So, would you guys slaughter at this weight or not? Would help us cut the feed costs down a bit to just be fattening one, plus we'd have some meat to use through the fall and into winter. What can I expect the yield in pounds of cut meat to be if the live weight is around 150#?


----------



## txtruelady

Well like the others said not much meat. Most of the meat would be sausage meat.. Chops would be about the size of your palm ,roast would be 2 maybe 2 1/2 lbs... So the total weight of the processed meat would be about 80 to 90 lbs....Sooooooo i'ts what you want that counts....Me ...I would wait aleast 200 225...


----------



## busybee870

I Was Told You Get About 2/3 Of The Weight In Meat And Lard


----------



## tyusclan

farmergirl said:


> So, would you guys slaughter at this weight or not? Would help us cut the feed costs down a bit to just be fattening one, plus we'd have some meat to use through the fall and into winter. What can I expect the yield in pounds of cut meat to be if the live weight is around 150#?


At 150# you're only looking at another 4-6 weeks with good feed to have him at 250.


----------



## savinggrace

Hi,

First time pig owner here. One boy one girl born the beginning of June. 

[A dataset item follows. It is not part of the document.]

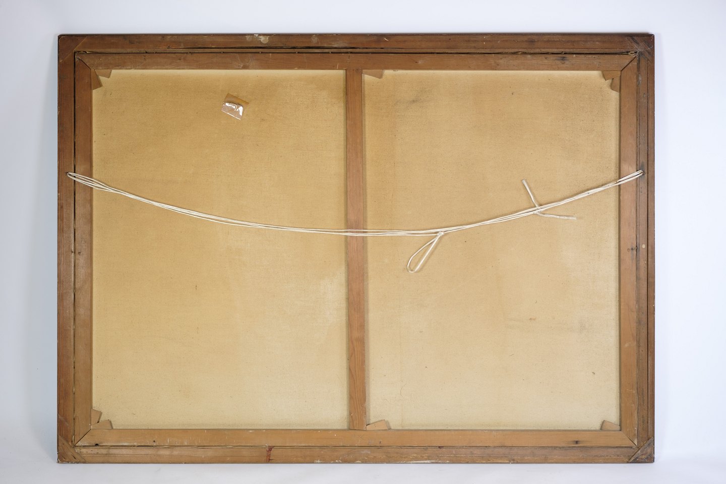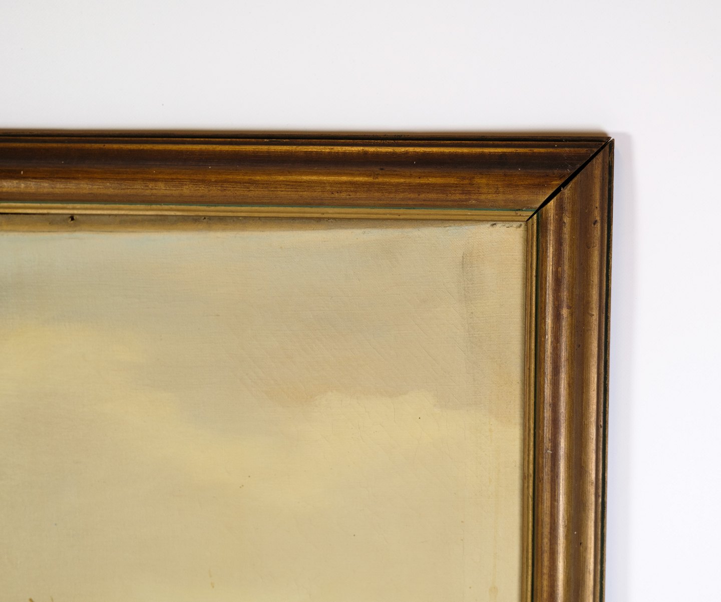 Large oil painting on canvas with motif of two fishermen with a boat and sea from around 1915-1929. Signed
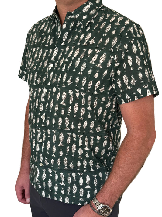 Hand-Block Printed Organic Cotton Shirt - Pescado

I am GUESSING mine are about the size yours are right now. From what I have been told, pigs are not very efficient feed converters until just past the 100 lb mark. Essentially, what I am saying is it takes comparatively longer to get to 100 lbs than it does to 200 lbs and up. 

So, with that in mind, my husband claims the pigs look much larger every week (I see the pigs every day-he doesn't venture to the barn but once a week) and his opinion was the pigs we saw when we picked up the piglets were just slightly longer and taller than mine now (at 150 lbs) but were MUCH rounder. The Round-ness is where you get the meat!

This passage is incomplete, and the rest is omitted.